More info if you want to read at:
Audiworld, s-cars.org, quattroworld, etc .


----------



## URSledgehammer (Oct 3, 2008)

*Re: a few questions about these cars (Harold)*

I would not call a UrS4/6 car nimble at all, but the grip in the car is excellent. These cars are more of a sledgehammer, early day European muscle. If you want a tossible package I say look else where. 

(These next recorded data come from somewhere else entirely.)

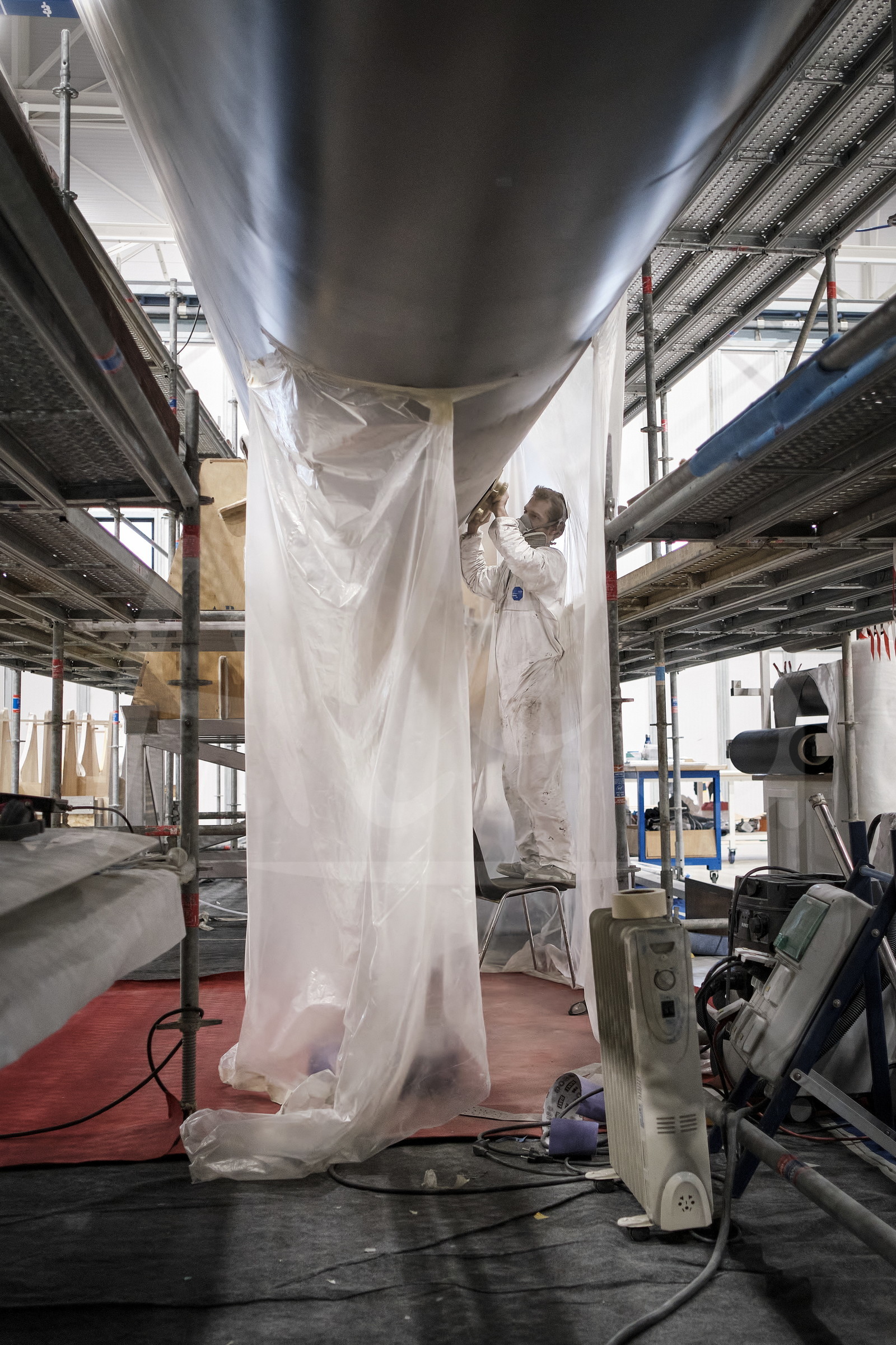 | Description | Construction du trimaran Ultim M101 (François Gabart) dans les locaux de Mer Concept à Concarneau le 21/01/2021 - Arrivée du bras avant construit chez CDK - Photo Benoit Stichelbaut / Alea |
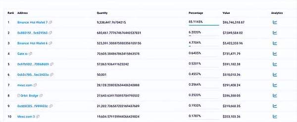 ACE代币主要分布在BSC链与Endurance主网上,BscScan当前可追踪代币数10,971,626枚,其中币安地址占比约90%,持币第二大地址0x880持有约6.2%的代币。
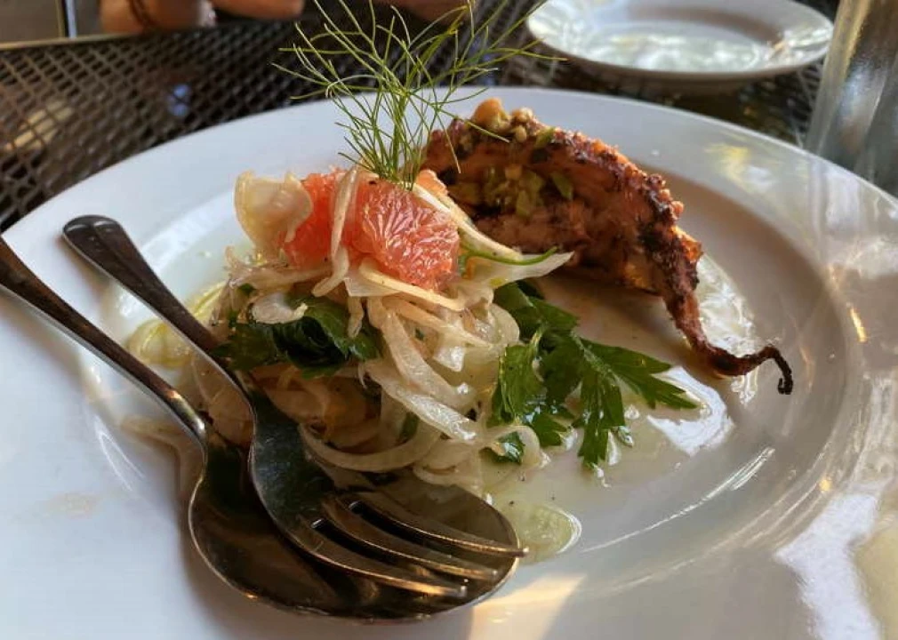 We’ve been starting with the grilled octopus when it’s on the menu, tender and served recently with a citrus salad, roasted asparagus topped with a fried egg and freshly grated cheese, or the simplicity of prosciutto and melon, a classic Italian pairing that we were recently reminded we should eat more often.
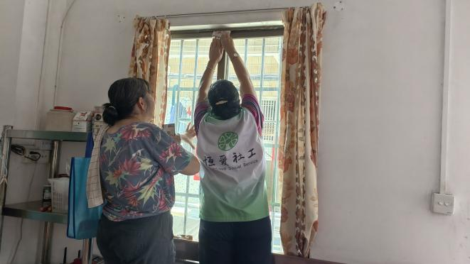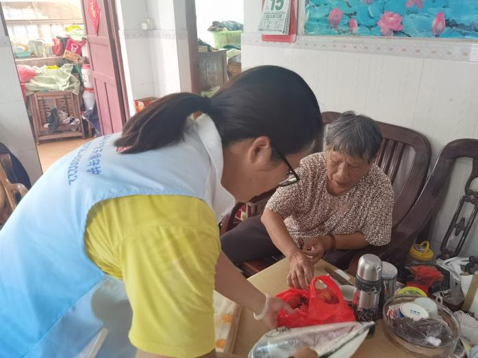 除了线上提醒,“平安通”团队还组织工作人员上门走访,重点对孤寡、独居、失能等长者家庭开展安全隐患排查。他们协助加固门窗、清理排水口、测试设备运行情况,并为部分行动不便的长者储备生活物资。在平沙镇,一位空巢老人家中窗户松动,工作人员及时加固,老人连连表示感谢。
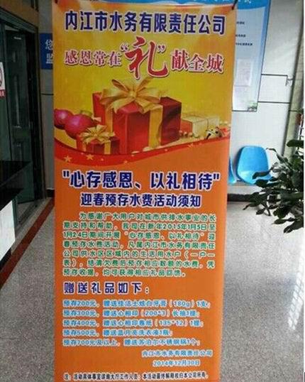 為感謝廣大用戶對城市供排水事業的長期支持和幫助,我司在2015年1月5日至1月24日期間開展“心存感恩、以禮相待”迎春預存水費活動。本次活動由客戶服務部牽頭,在白馬辦事處、物資供應部和機關各部門的支持配合下,圓滿結束。
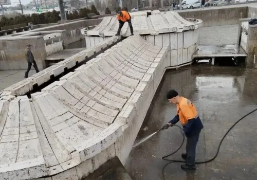 Работы ведутся поэтапно на всех запланированных объектах. На промывке каждого фонтана задействованы два‑три специалиста. В настоящее время очистка уже проводится в сквере Дзержинского, сквере А. Т. Алтунина, а также на ряде других городских территорий.

_Modified by URSledgehammer at 7:39 AM 7-6-2009_


----------



## coldshoturs6 (Jul 25, 2009)

*Re: a few questions about these cars (pass4mo_wagn)*

I disagree about the car not being tossible. It depends alot on how you have the suspension set up. My 1995.5 S6 Avant terrorizes Porsches at the track. But I have camber plates, externally adjustable konis and H&R springs. But all those handling goods don't do anything if you have a standard alignment. My car is running 0 toe and -2.0 camber all four corners i found a great alignment shop that helped me get my car set up to drive the way i want and still have decent tire life. Also alot of people run cheap tire after spending buckets of money on new suspension. Many times at the track i have seen people running Toyo t1r's or goodyear f1 and they aren't made for superior handling. I run Yokohama AD07 or AD08's they grip. You car will only handle as good as the weakest link.


----------



## URSledgehammer (Oct 3, 2008)

*Re: a few questions about these cars (coldshoturs6)*

I guess the term tossible is subjective, but when compared to a similar setup E36 M3 IMO the M3 feels a lot more agile. I wasn't saying the car couldn't be set up to handle better, just that better packages are available if handling is your main concern.


----------



## coldshoturs6 (Jul 25, 2009)

*Re: a few questions about these cars (pass4mo_wagn)*

I wasn't trying to be an $ss. All i was saying is that my wagon is not Miss piggy or and understeering pig. I agree that an e36 BMW M3 would feel more nimble.The urs models have a very tunable suspension platform.


----------